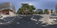 A bustling city street in Barcelona, Spain. Cafes, restaurants, and shops line the road, their storefronts casting hard shadows. The urban design showcases the vibrant city life of Europe.
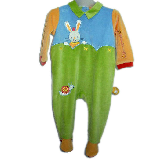 This baby romper features a vivid-colored exterior, which is sure to win over your baby’s favor. The embroidered rabbit and snail add irresistible cuteness to the appearance. Spruce up your kid with this lovely romper.
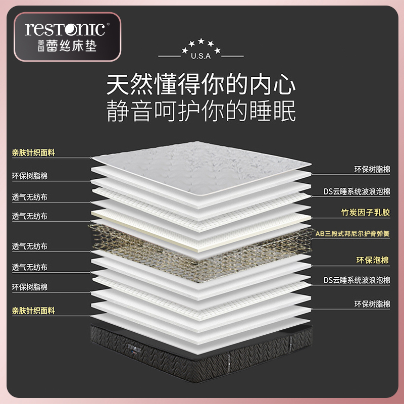 美国蕾丝奥斯汀竹炭乳胶防螨床垫1.8m弹簧床垫护脊垫家用软硬适中
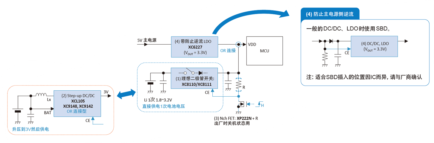 備用電池的連接方法通過使用理想二極管負(fù)載開關(guān)進(jìn)行OR連接,與肖特基二極管SBD相比,大幅度降低VF損失及漏電流
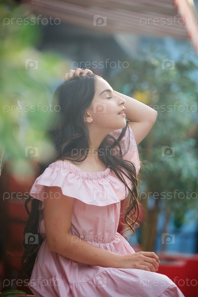 Девочка школьного возраста в розовом платье на улице города
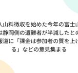 入山料徴収を始めた今年の富士山は静岡側の遭難者が半減したとの報道に「課金は参加者の質を上げる」などの意見集まる
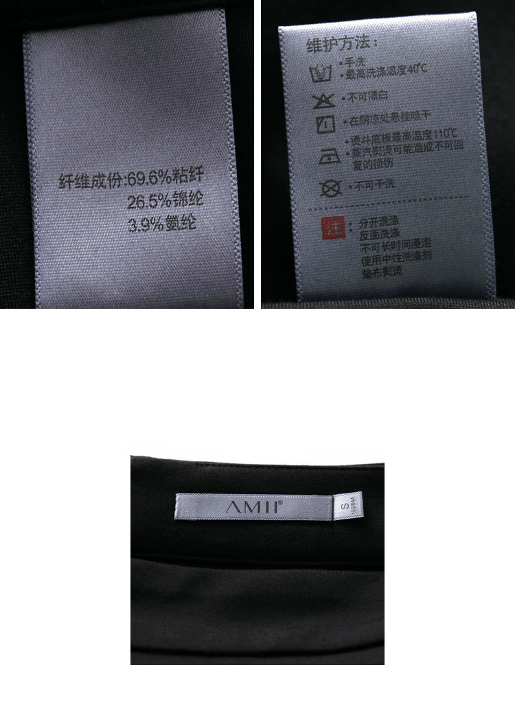 | 面料成分: | 69.6%粘纤 26.5%锦纶 3.9%氨纶 |

——————

- The task: Write out the records above exactly as they stand, leaving out every picture.

- Reply:
 A bustling city street in Barcelona, Spain. Cafes, restaurants, and shops line the road, their storefronts casting hard shadows. The urban design showcases the vibrant city life of Europe.
 This baby romper features a vivid-colored exterior, which is sure to win over your baby’s favor. The embroidered rabbit and snail add irresistible cuteness to the appearance. Spruce up your kid with this lovely romper.
 美国蕾丝奥斯汀竹炭乳胶防螨床垫1.8m弹簧床垫护脊垫家用软硬适中
 備用電池的連接方法通過使用理想二極管負(fù)載開關(guān)進(jìn)行OR連接,與肖特基二極管SBD相比,大幅度降低VF損失及漏電流
 Девочка школьного возраста в розовом платье на улице города
 入山料徴収を始めた今年の富士山は静岡側の遭難者が半減したとの報道に「課金は参加者の質を上げる」などの意見集まる
 | 面料成分: | 69.6%粘纤 26.5%锦纶 3.9%氨纶 |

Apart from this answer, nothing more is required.